═══ Study material ═══
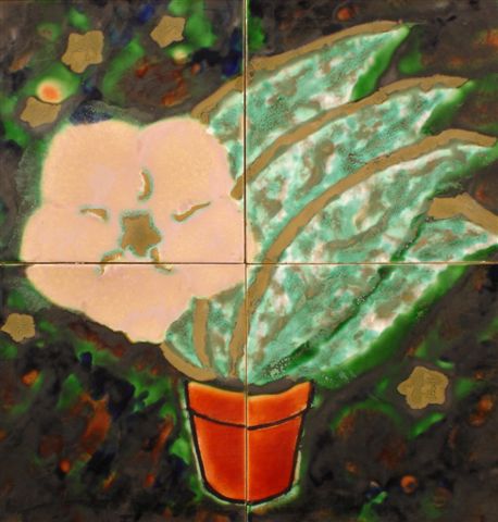 Pot fleuri. MOSAÏQUE de quatre carreaux de céramique.
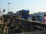 Ich habe nicht gesehen, was im „Frankfurter Kessel“ geschehen ist, aber ich habe viele Menschen gesehen, die von Pfeffersprayattacken der Polizei verletzt waren. Sie wurden auf dem Ver.di-Wagen provisorisch ärztlich versorgt. Dieser Wagen diente dann auch als Bühne für die improvisierte Abschlussveranstaltung, die vor der EZB geplant und genehmig war. Einen sehr eindrücklichen Bericht über die Situation im Kessel gibt es hier .
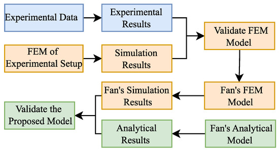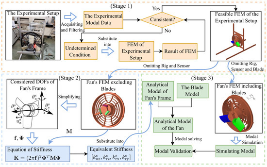 The procedure of the combined modeling for the cooling fan based on the experimental data and virtual prototyping. (Stage 1) indicates the process of obtaining the virtual prototyping based on the experiment, where the feasible FEM of the experimental setup is obtained by modifying boundary conditions to be consistent with experimental data and then the fan’s FEM excluding blades and including blades are derived; (Stage 2) indicates simplifying the fan’s frame-based FEM, where the fan’s FEM-excluding blades are employed to identify the mass, modal information, and stiffness of considered DOFs; (Stage 3) indicates the process of obtaining the feasible analytical model of the fan which is validated by comparing it with the fan’s FEM model. Orange, blue, and green elements correspond to Stages 1–3, respectively, and arrows indicate data flow between sub-models.
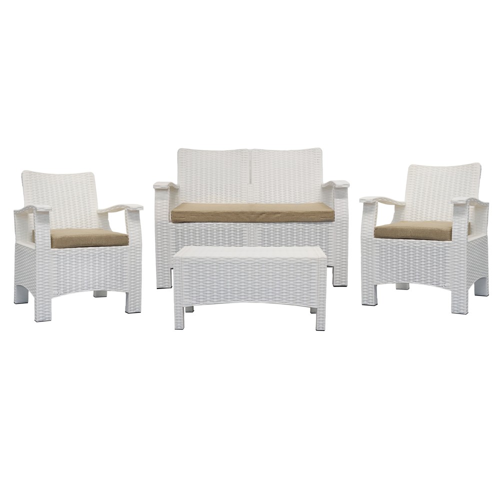 Set 2 kolltuk tek me shilte + 1 kolltuk dopjo me shilte + 1 tavolinë mesi, ratan plastik, e barhdë/bezhë, teku 56x64xH89 cm / dopjo 56x118xH89 cm / tavolina 48x85xH42 cm
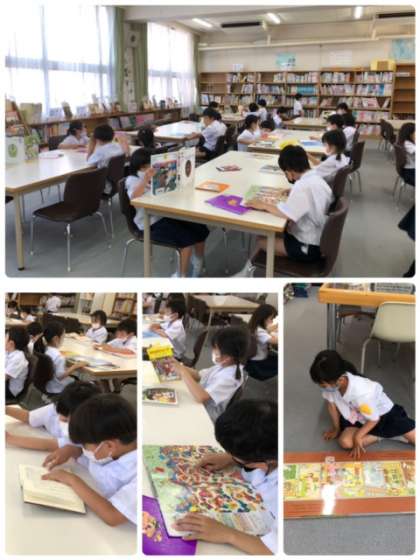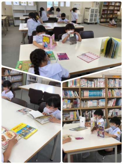 図書館で本を読んでいます!たくさんの本に囲まれて、本選びも大変です。でも、本が見つかると静かに見入っていました。
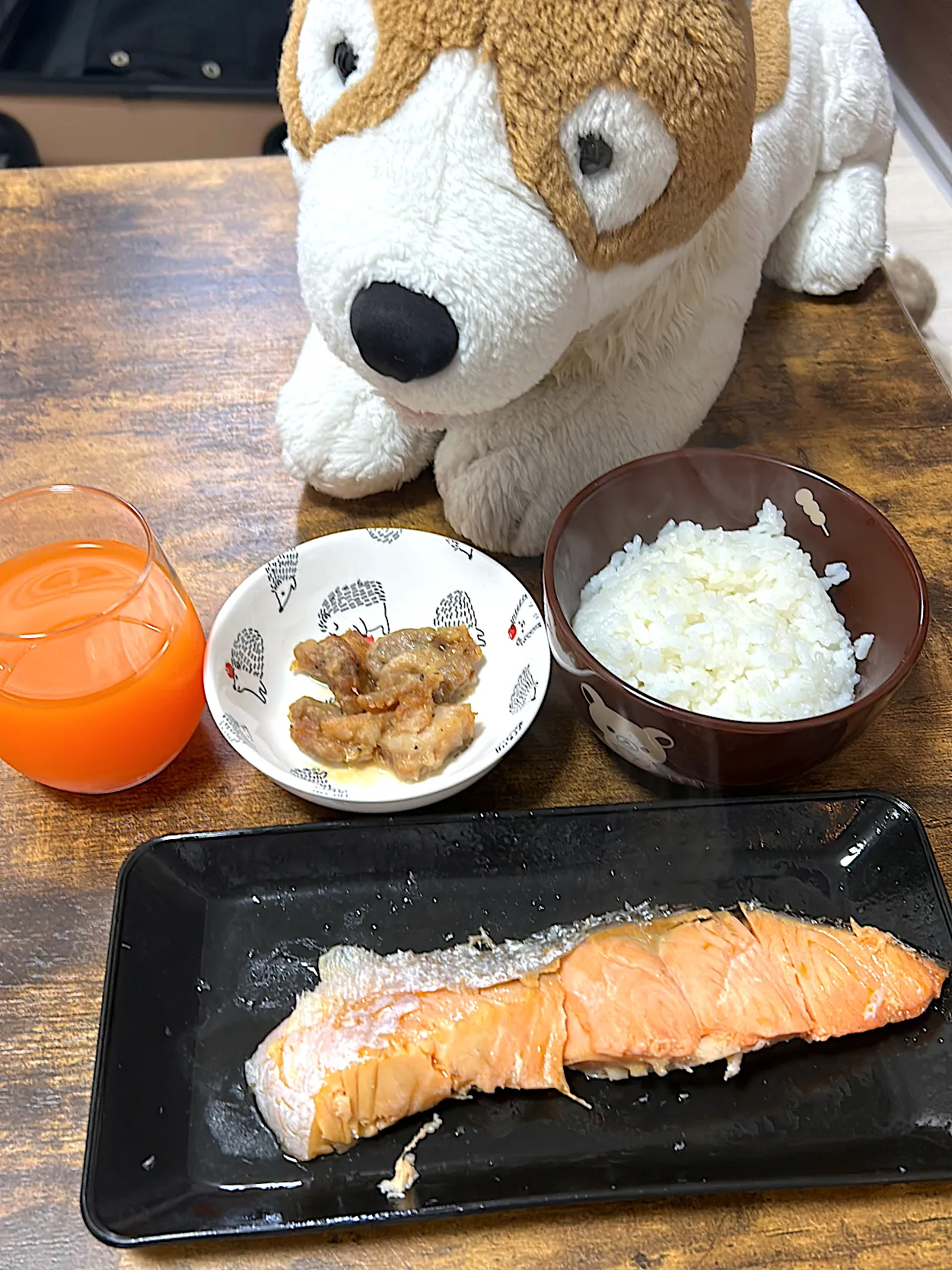 #焼き鮭 #唐揚げ #白米 #野菜ジュース #男子大学生 #人形 #一人暮らし
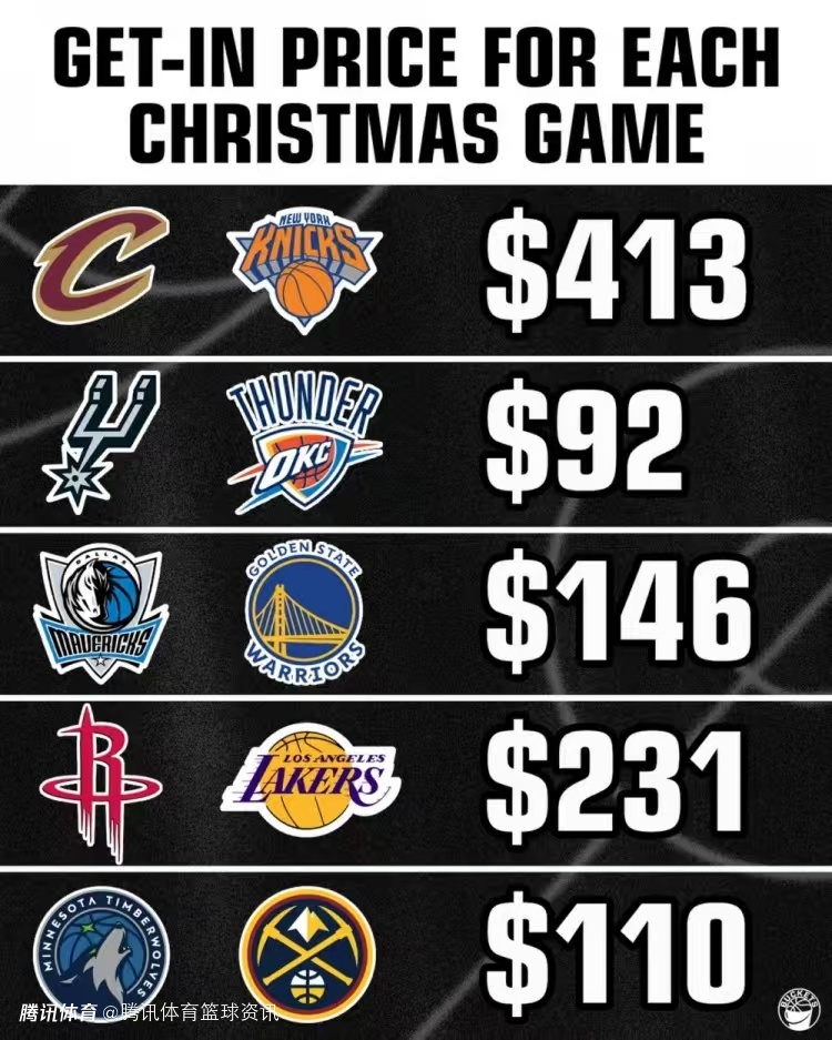 北京时间12月25日,美媒Buckets今日公布了明日NBA圣诞大战5组对决的最低票价,尼克斯主场对阵骑士的比赛最低票价也要413美元,排名第一。
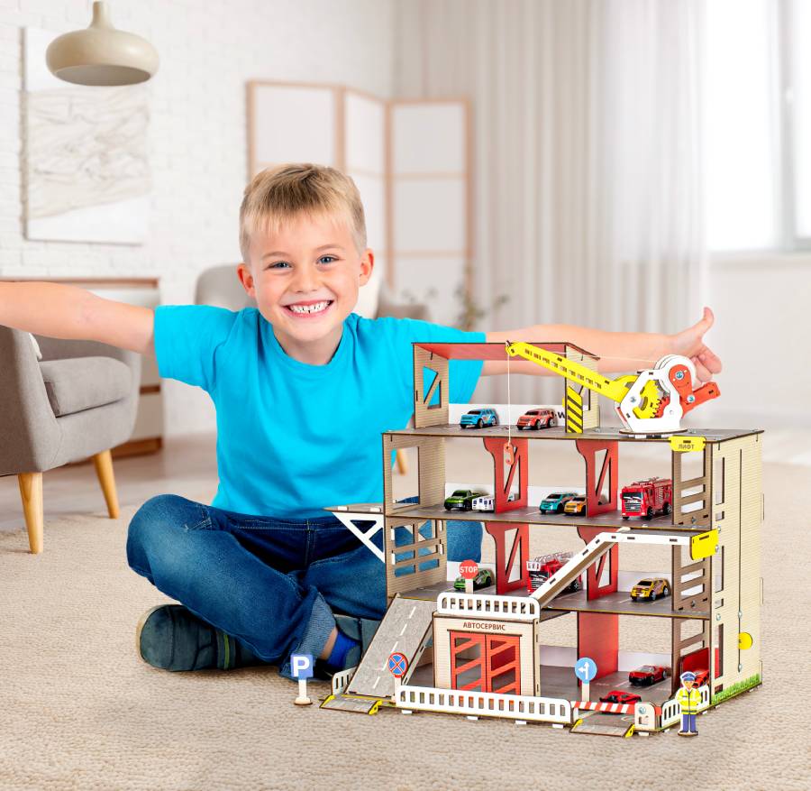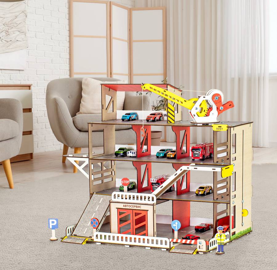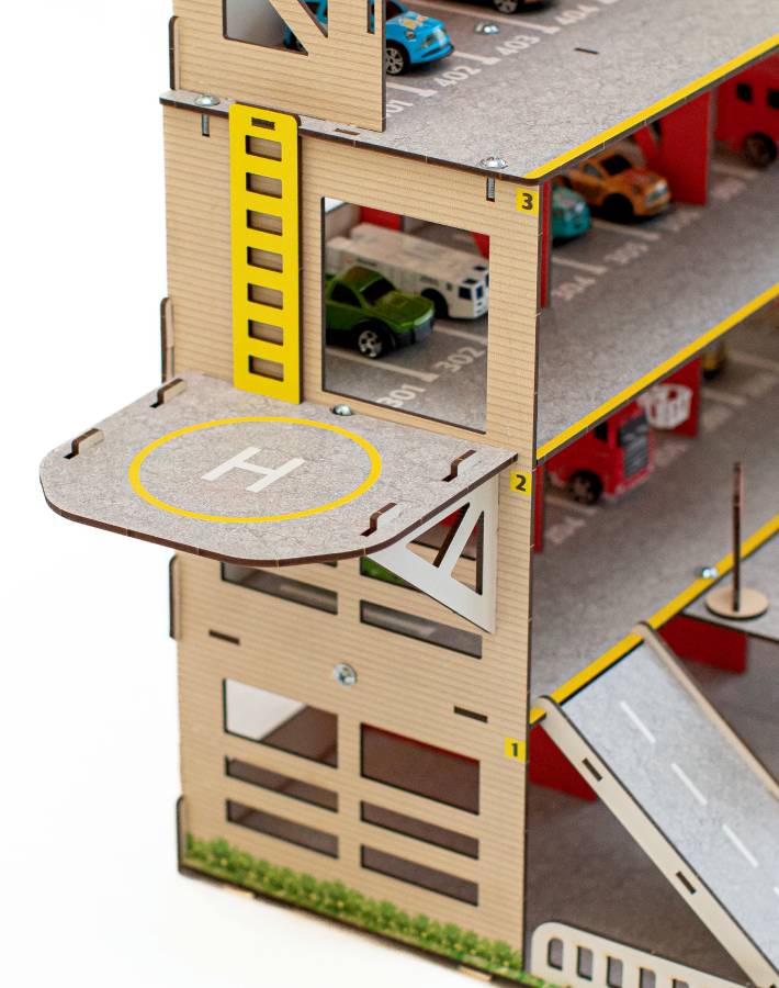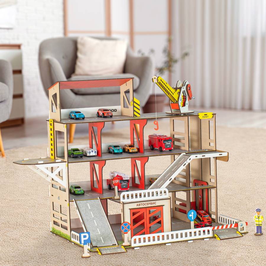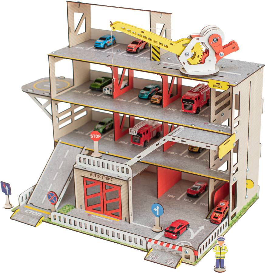 Паркинг - неотъемлемый атрибут юного коллекционера автомобилей. Паркинг имеет 4 этажа, 2 пандуса и вертолётную площадку. Для удобства перемещения машинок предусмотрен лифт, который фиксируется в любом положении. На первом этаже есть шлагбаум и большой гараж с распашными воротами. Кран полностью функционален: он может перемещаться по этажу, поворачиваться, поднимать стрелу и натягивать трос с крюком, для чего предусмотрена удобная ручка. Игрушка выполнена из настоящей древесины и покрыта красками на водной основе. Материал Дерево (Берёза) Возраст 3+ Страна производитель Россия Гарантия 1 год Сертификат безопасности RU № 0727871 Высота этажа 15 см Цветовая гамма Яркая Размер в собранном виде (см) 60х50х40 Особенности Функциональный кран, лифт, шлагбаум Количество этажей 4 Количество деталей 140 Вес упаковки 3 кг Размеры упаковки (см) 65х25х4
═══
- _Prompt_: Would you return the records exactly, keeping out every picture?

- _Exercise result_:
 Pot fleuri. MOSAÏQUE de quatre carreaux de céramique.
 Ich habe nicht gesehen, was im „Frankfurter Kessel“ geschehen ist, aber ich habe viele Menschen gesehen, die von Pfeffersprayattacken der Polizei verletzt waren. Sie wurden auf dem Ver.di-Wagen provisorisch ärztlich versorgt. Dieser Wagen diente dann auch als Bühne für die improvisierte Abschlussveranstaltung, die vor der EZB geplant und genehmig war. Einen sehr eindrücklichen Bericht über die Situation im Kessel gibt es hier .
 The procedure of the combined modeling for the cooling fan based on the experimental data and virtual prototyping. (Stage 1) indicates the process of obtaining the virtual prototyping based on the experiment, where the feasible FEM of the experimental setup is obtained by modifying boundary conditions to be consistent with experimental data and then the fan’s FEM excluding blades and including blades are derived; (Stage 2) indicates simplifying the fan’s frame-based FEM, where the fan’s FEM-excluding blades are employed to identify the mass, modal information, and stiffness of considered DOFs; (Stage 3) indicates the process of obtaining the feasible analytical model of the fan which is validated by comparing it with the fan’s FEM model. Orange, blue, and green elements correspond to Stages 1–3, respectively, and arrows indicate data flow between sub-models.
 Set 2 kolltuk tek me shilte + 1 kolltuk dopjo me shilte + 1 tavolinë mesi, ratan plastik, e barhdë/bezhë, teku 56x64xH89 cm / dopjo 56x118xH89 cm / tavolina 48x85xH42 cm
 図書館で本を読んでいます!たくさんの本に囲まれて、本選びも大変です。でも、本が見つかると静かに見入っていました。
 #焼き鮭 #唐揚げ #白米 #野菜ジュース #男子大学生 #人形 #一人暮らし
 北京时间12月25日,美媒Buckets今日公布了明日NBA圣诞大战5组对决的最低票价,尼克斯主场对阵骑士的比赛最低票价也要413美元,排名第一。
 Паркинг - неотъемлемый атрибут юного коллекционера автомобилей. Паркинг имеет 4 этажа, 2 пандуса и вертолётную площадку. Для удобства перемещения машинок предусмотрен лифт, который фиксируется в любом положении. На первом этаже есть шлагбаум и большой гараж с распашными воротами. Кран полностью функционален: он может перемещаться по этажу, поворачиваться, поднимать стрелу и натягивать трос с крюком, для чего предусмотрена удобная ручка. Игрушка выполнена из настоящей древесины и покрыта красками на водной основе. Материал Дерево (Берёза) Возраст 3+ Страна производитель Россия Гарантия 1 год Сертификат безопасности RU № 0727871 Высота этажа 15 см Цветовая гамма Яркая Размер в собранном виде (см) 60х50х40 Особенности Функциональный кран, лифт, шлагбаум Количество этажей 4 Количество деталей 140 Вес упаковки 3 кг Размеры упаковки (см) 65х25х4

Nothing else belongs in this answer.